▶ Task prompt
From the first line of the data down to and including the line with "2 gün öncesine", copy everything exactly, leaving out pictures.

▶ Recorded information

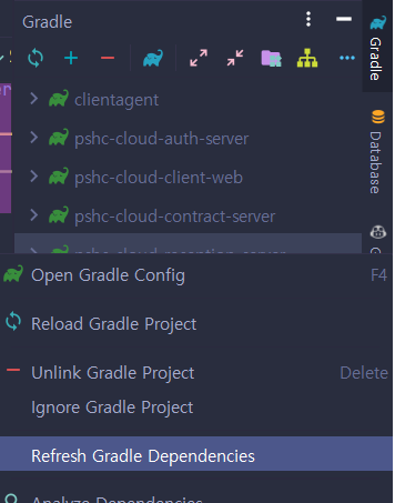 2. Gradle -> 작업 중인 프로젝트명 -> Refresh Gradle Dependencies
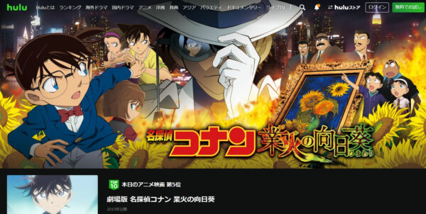 Huluで映画「名探偵コナン 業火の向日葵」をフルで無料視聴
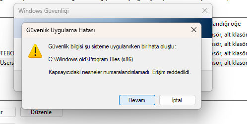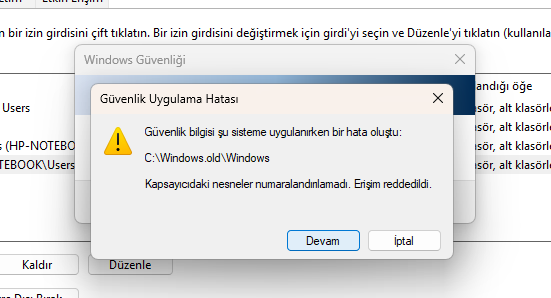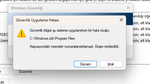 2 gün öncesine kadar hep Windows 10 kullandım fakat 2 gün önce Windows tool ile hiçbir veri kaybı olmadan Windows 11'e geçtim fakat 30GB yer kaplayan windows.old klasörünü silmek istediğimde hata alıyorum. Administrator size izin vermelidir diye, fakat kendi kullanıcıma silme iznini vermeme rağmen silemiyorum. WinDirStat denedim gene silemiyorum. Attığım fotoğraflarda kendime izin vermeyeğe çalıştığım zaman ekteki hataları alıyorum.
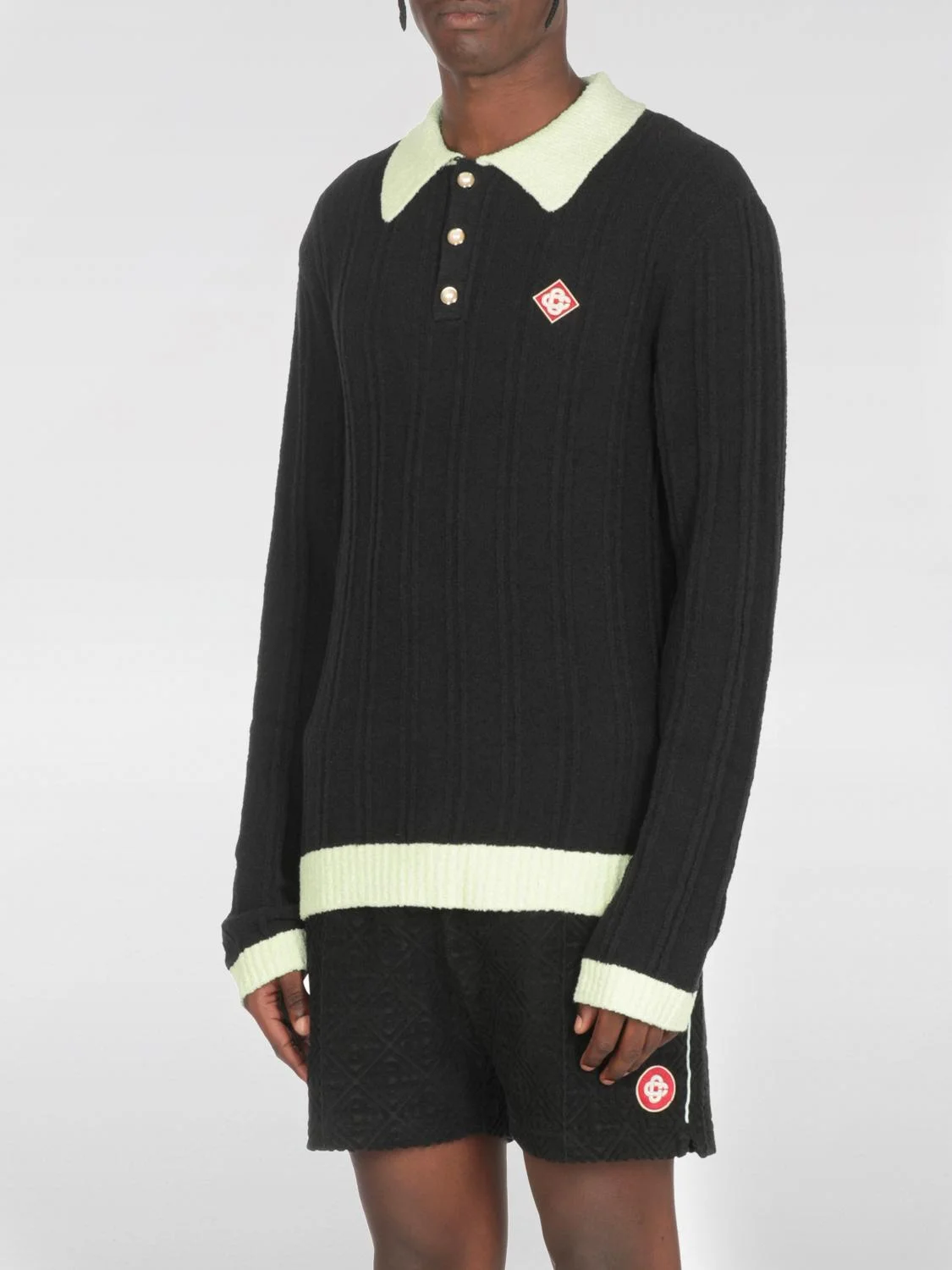 DESCRIPTION - Style: College - Logo: Contrasting - Details: WIth contrasting edges - Neck: Sailor dress - Shoulders: Regular - Sleeves: Long - Cuffs: Ribbed - Closure: With 3-button placket - Bottom: With straight hemline - Model: Knit - Materials: Cotton blend - Pattern: Logo DETAILS AND CARE Composition 72% Cotton 27% Nylon 1% Elastane Details: 95% SIZE AND FIT Sizes not available Size and fit Slim fit Designer code: MPF25KW1000 01 Giglio Code: H33418 Designer: Casablanca Collection: Casablanca Men Category: Clothing Casablanca

▶ Solution to this task
 2. Gradle -> 작업 중인 프로젝트명 -> Refresh Gradle Dependencies
 Huluで映画「名探偵コナン 業火の向日葵」をフルで無料視聴
 2 gün öncesine kadar hep Windows 10 kullandım fakat 2 gün önce Windows tool ile hiçbir veri kaybı olmadan Windows 11'e geçtim fakat 30GB yer kaplayan windows.old klasörünü silmek istediğimde hata alıyorum. Administrator size izin vermelidir diye, fakat kendi kullanıcıma silme iznini vermeme rağmen silemiyorum. WinDirStat denedim gene silemiyorum. Attığım fotoğraflarda kendime izin vermeyeğe çalıştığım zaman ekteki hataları alıyorum.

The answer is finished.